Perkembangan kajian hadits, era digitalisasi. Sejarah perkembangan studi hadits
dari fase ke fase menarik untuk diperbincangkan, mengingat peran hadits sangat begitu
sentral bagi umat Islam, sebagaimana peran-nya sebagai sumber primer ajaran Islam,
bahkan pelengkap keberadaan al-Quran. Sehingga keberadaan hadits begitu pesat,
sehingga studi hadits menjadi bahasan populer kala itu, sebab di masa-masa sebelumnya
para sahabat lebih fokus dalam mengkaji al-Quran.
BAB III
PENUTUP
A. Kesimpulan
Kesimpulan Dari tulisan yang sudah penulis paparkan diatas, dapat diambil
kesimpulan bahwa perkembangan yang sangat nampak dari ilmu hadits adalah setelah
wafatnya Rasulullah SAW. Yaitu ketika para sahabat merasa penting untuk
mengumpulkan hadits-hadits Nabi karena ditakutkan hilang. Setelah generasi sahabat
berlalu, langkah para sahabat dalam penerimaan hadits diikuti oleh para tabi’in.
Perkembangan ilmu hadits terus berjalan sejalan dengan terus bertambahnya periwayatan
hadits. Setiap ada riwayat maka disanalah ulumul hadits berperan menentukan diterima
atau tidaknya sehingga pada akhirnya ulum al-hadits menjadi disiplin ilmu yang mandiri
dalam ajaran agama Islam. Perkembangan hadits berkembang pada masa penyaringan, di
lanjutkan dengan penyarahan dan seterusnya berlanjut pada ringkasan dan takhrij.

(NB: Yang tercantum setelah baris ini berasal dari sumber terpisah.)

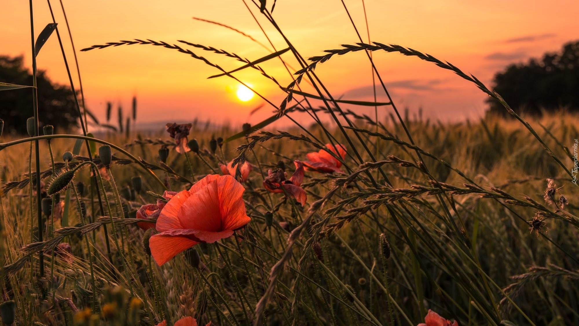 Edytor tapety: Maki między źdźbłami trawy w zachodzącym słońcu

Setelah itu, studi hadits hanya meneruskan karya-karyan yang sudah ada, hingga
akhirnya memasuki era global hadits mulai berkembang kembali dengan beragam cara
digitalisasi.
Penggolongan hadits yang pertama hadits shahih yaitu hadits yang sehat dan benar
tidak terdapat penyakit dan cacat. Yang kedua hadits hasan yaitu hadits yang muttasil
sanadnya, diriwayatkan oleh rawi yang adil dan dhabit, tetapi kadar kedhabitannya di
bawah kedhabitan hadits shahih, dan hadits itu tidak syadz dan tidak pula terdapat illat
(cacat). Yang ketiga hadits dha'if yaitu hadits lemah yang di dalamnya tidak terdapat
syarat-syarat hadits shahih dan syarat-syarat hadits hasan. Dan terakhir hadits maudhu'
yaitu hadits palsu atau hadits yang diragukan keabsahannya.